A common scenario: It’s 3:00pm on a Tuesday and you are discharging a patient from the acute care unit/emergency room/ambulatory surgical unit. You go over their discharge instructions to make sure they understand their recovery process and limitations after discharge. You then hand them a prescription for a narcotic pain killer. They look you in the eye and state “I’m a little bit nervous to take these at home. I don’t want to become addicted!”
Most nurses have been in this situation before. With national headlines appearing daily regarding prescription drug abuse and the many deaths it is causing every day, it’s natural that patients may worry about falling into this trap. The truth is that hundreds of thousands of patients use prescription opioids every year without falling victim to abuse or addiction; but what is the best way to address a patient’s fears?

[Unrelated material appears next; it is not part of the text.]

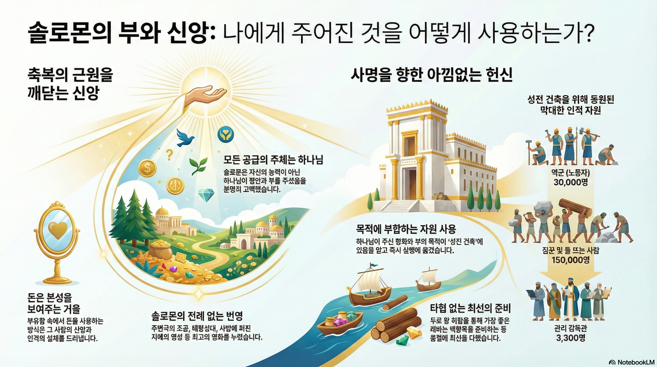 사람들이 이런 말을 합니다. 돈은 그 사람의 본성을 가장 잘 보여준다. 갑자기 큰돈이 생기면 그 사람이 어떤 사람인지 극대화되어 나타나게 됩니다. 선한 사람이 큰돈이 생기면 그 돈으로 다른 사람을 돕고 선한 일을 합니다. 악한 사람이 큰돈이 생기면 그 돈은 악한 일에 사용됩니다. 이것을 신앙에도 적용해볼 수 있는 것 같습니다. 어떻게 돈을 사용하는가를 보면 그 사람의 신앙을 조금은 알 수 있습니다. 앞선 4장에 보면 솔로몬이 얼마나 부와 영화를 누렸는지가 잘 나옵니다. 주변의 나라들이 조공을 바쳐 경제적으로 아주 풍요를 누렸습니다. 궁에서 하는 쓰는 음식물의 양도 엄청났습니다. 뿐만 아닙니다. 4장 25절과 26절에 보면 백성들도 평안히 살고 병거와 말도 많았습니다. 솔로몬은 자신은 지혜롭다는 소문이 사방 모든 나라에 들렸습니다. 사람들이 솔로몬의 지혜를 들으려고 찾아왔습니다. 요즈음 식으로 말하면 아주 힙한 인플루언서였습니다. 이렇게 부유하고 사람들에게 인정받은 솔로몬에 대한 이야기가 끝나고 바로 5장이 시작됩니다. 솔로몬은 무엇을 하나요? “5 여호와께서 내 아버지 다윗에게 하신 말씀에 내가 너를 이어 네 자리에 오르게 할 네 아들 그가 내 이름을 위하여 성전을 건축하리라 하신 대로 내가 내 하나님 여호와의 이름을 위하여 성전을 건축하려 하오니” 성전을 건축하겠다고 합니다. 본래 성전은 다윗이 건축하고자 했습니다. 하지만 하나님은 다윗이 건축하지 못하고 다윗의 다음 왕이 건축할 것이라고 하셨습니다. 솔로몬은 이 말씀에 따라 여호와의 이름을 위하여 성전을 건축하겠다고 합니다. 자신이 누리고 있는 부와 영화에 취하지 않고 하나님을 먼저 생각하고 있습니다. 솔로몬이 이럴 수 있었던 이유는 무엇인가요? “4 이제 내 하나님 여호와께서 내게 사방의 태평을 주시매 원수도 없고 재앙도 없도다” 솔로몬은 알았습니다. 자신이 지금 누리고 있는 부와 태평이 어디서부터 왔는가를 알았습니다. 자신이 잘나서가 아닙니다. 자신의 능력이 아닙니다. 하나님이 주셨다고 고백하고 있습니다. 하나님이 주신 목적도 분명하게 알고 있습니다. 성전을 건축하게 하기 위해서입니다. 그러기에 솔로몬은 하나님의 뜻대로 성전을 건축하려고 합니다. 성전 건축이 해야만 하는 일이기 때문에 대충하지 않습니다. 두로 왕 히람에게 사람을 보냅니다. 가장 좋은 레바논의 백향목을 준비합니다. 뿐만 아닙니다. 자신이 할 수 있는 많은 사람을 동원하고 있습니다. 13절에 보면 역군의 수가 삼만 명입니다. 15절에 보면 짐꾼이 칠만 명이고, 산에서 돌을 뜨는 사람이 팔만 명입니다. 16절에 보면 그 일을 감독하는 관리가 삼천삼백 명이었습니다. 아버지의 유언이기 때문에 어쩔 수 없이 성전을 건축하는 것이 아니라 최선을 다하여 성전을 건축하고 있습니다. 솔로몬의 이야기가 꼭 돈에 대한 이야기만은 아닙니다. 무엇이 되었든 나에게 주어진 것들을 어떻게 사용하느냐는 신앙의 척도가 될 수 있습니다. 모든 것을 공급해주시는 분이 하나님이라는 사실을 알고 하나님의 뜻대로 사용하는 성도들이 되시기를 소망합니다.

Education is the key in this situation, and presenting them with the following facts may help ease their mind:
There is a difference between opioid tolerance and addiction.
When used appropriately, a patient may over time develop a tolerance to opiate medications. This is more common in treatment of chronic pain, but can also occur with acute pain related to a slowly resolving health issue. A tolerance means that a person may require increased dosage to effectively manage pain, because the body has become tolerant to their current dosage. If a patient has a condition causing chronic pain, the reality is that the patient may need to be on a standing regimen of opiate medication, and over time will develop a tolerance requiring increase in dosage. This is not the same as addiction. Addiction occurs when a person’s entire life becomes focused around obtaining the drug, and the patient will go to any length to secure more medication. The following video visualizes the development of opioid tolerance.
Patients without a history of substance abuse are far less likely to become addicted to opioids.
Addiction is not a medical condition, but rather a pattern of behavior, as mentioned above. If a patient admits to a history of substance abuse and has fears about taking prescription opioids, they may require an extra layer of support and follow-up care to make sure their pain is being managed in the most optimal way with the least risk of relapse. This could involve the support of a social worker to follow up at home, a home health nurse, or even additional follow-up visits with the physician prescribing the opioid.
If a patient goes home and takes a medication appropriately, as prescribed, they will not become addicted.
Even if the medication regimen continues for weeks or months for ongoing pain, once the health issue is resolved and the pain level decreases, the patient can usually be weaned off the opioid slowly without experiencing any effects of withdrawal.
One of the best ways to prevent addiction is to recognize signs that indicate it may be developing.
These signs include a craving for the medication, seeing several different doctors to obtain the amount of medication desired, and feeling the need to be dishonest about the use of opioid medication when speaking with family members and medical professionals. If any of these start to occur, seek the help of a professional. Check the following video to learn all the signs of a developing addiction.
Be mindful of the side effects and contraindications when taking opioid medications.
Patients who are fearful of addiction are often also fearful that it can cause death. The side effects of opioids can indeed be serious and even deadly at times. One of the biggest causes of death for those taking opioids is when they are consumed in conjunction with alcoholic beverages. Alcohol, which is a depressant, interacts negatively with opioids by increasing the side effect of respiratory depression, causing death for some patients.
Armed with the facts, you will be better prepared to effectively answer your patient’s questions and provide them a sense of comfort as they prepare to go home and manage their own pain with opiate medication.